Stored dataset items
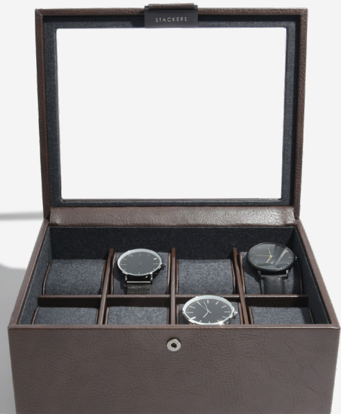
Brown 8 Piece Watch Box 19.5 x 24 x 9.5cm 75400
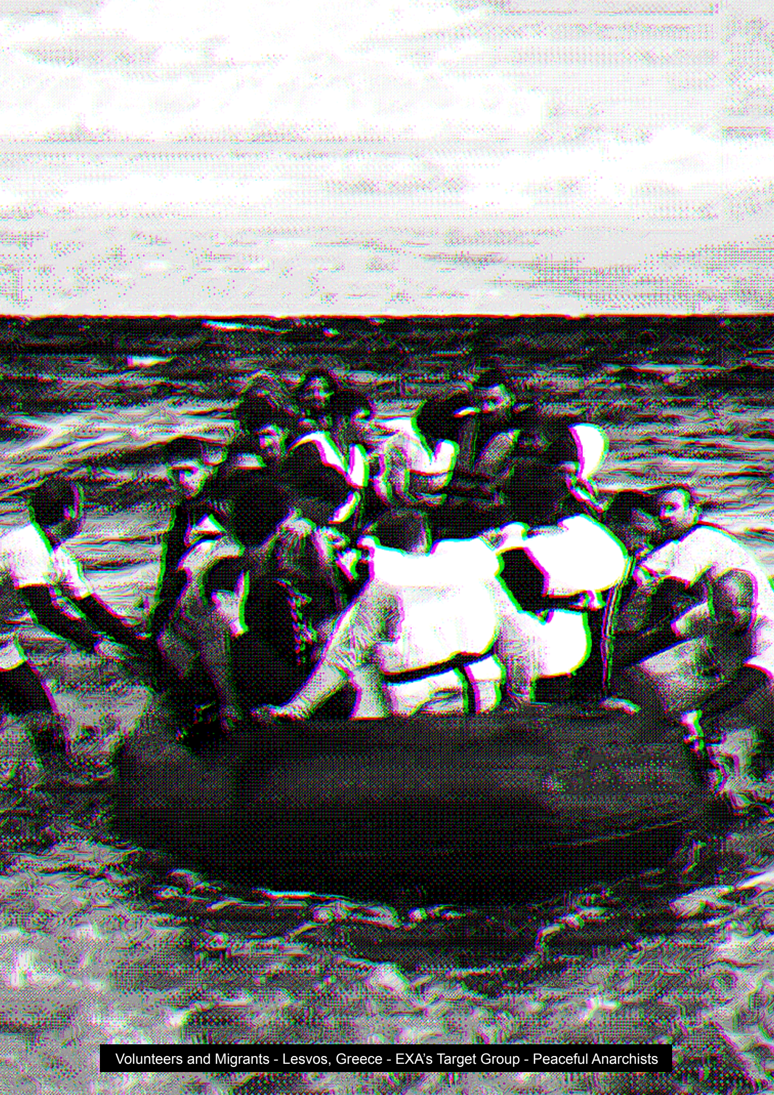
Volunteers and Migrants - Lesvos, Greece - EXA's Target Group - Peaceful Anarchists
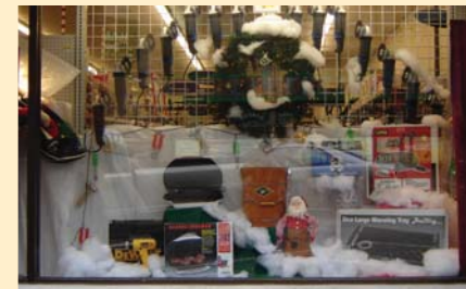
Ace Hardware Downtown

Individuals are encouraged to vote for their favorite window, which automatically enters them into a drawing for the two Downtown gift packages on display at 38 E. Superior Street. Merchants generously donated nearly $4,000.00 worth of items; enough to fulfill anyone's wish list this Christmas. A huge thank you to those merchants who contributed and the visual merchandising team at Maurices who worked tirelessly to assemble the display. GDC
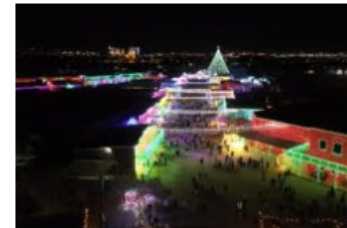
Seven Million Lights. One Wild West Christmas.
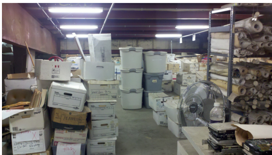
Before: SWAN mezzanine, facing south
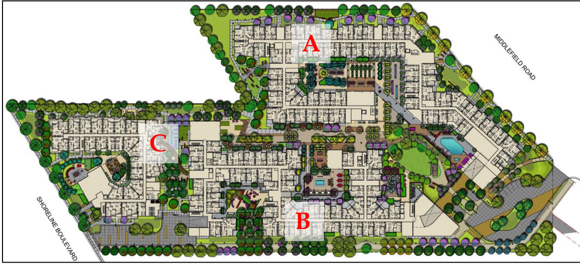
Project Site Plan

The project has two street frontages – Middlefield Road and Shoreline Boulevard. Each frontage has one vehicular entrance to the underground parking garage (see Attachment 12 – Project Plans). Various on-site amenities are included throughout the project site such as open-space areas, private residential balconies, swimming pool, hot tub, five courtyards, bike storage and repair facilities, two rooftop decks with amenities, private residential storage areas, barbecue pits, fitness rooms, and more. The project also includes a 14" Class I bike path connecting Middlefield Road and Shoreline Boulevard.
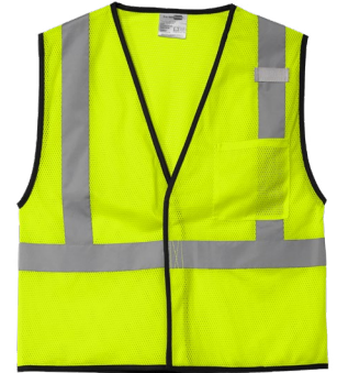
CORNERSTONE® ANSI 107 Class 2 Economy Mesh One-Pocket Vest CSV100 | Adult Sizes: S/M, L/XL, 2XL/3XL, 4XL/5XL
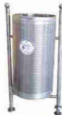
Code : QEE SB-100L
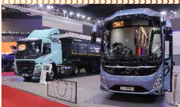
Volvo Eicher Commercial Vehicles
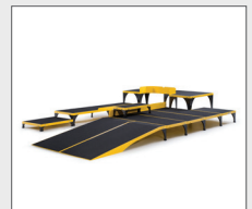
E875MP: Wheelchair ramp, stairs and clinician platform
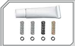
72215 Gear Diff Adjustment Spring Set (Medium, Firm, Stiff)

The Super Chassis is machined from a thick 2.5mm plate of aerospace quality 7075S aluminium, delivering increased chassis strength and rigidity for extreme driving conditions.

◆ **Brief**
Find each line above that contains "Downtown", and copy those lines.

◆ **Exercise answer**
Ace Hardware Downtown
Individuals are encouraged to vote for their favorite window, which automatically enters them into a drawing for the two Downtown gift packages on display at 38 E. Superior Street. Merchants generously donated nearly $4,000.00 worth of items; enough to fulfill anyone's wish list this Christmas. A huge thank you to those merchants who contributed and the visual merchandising team at Maurices who worked tirelessly to assemble the display. GDC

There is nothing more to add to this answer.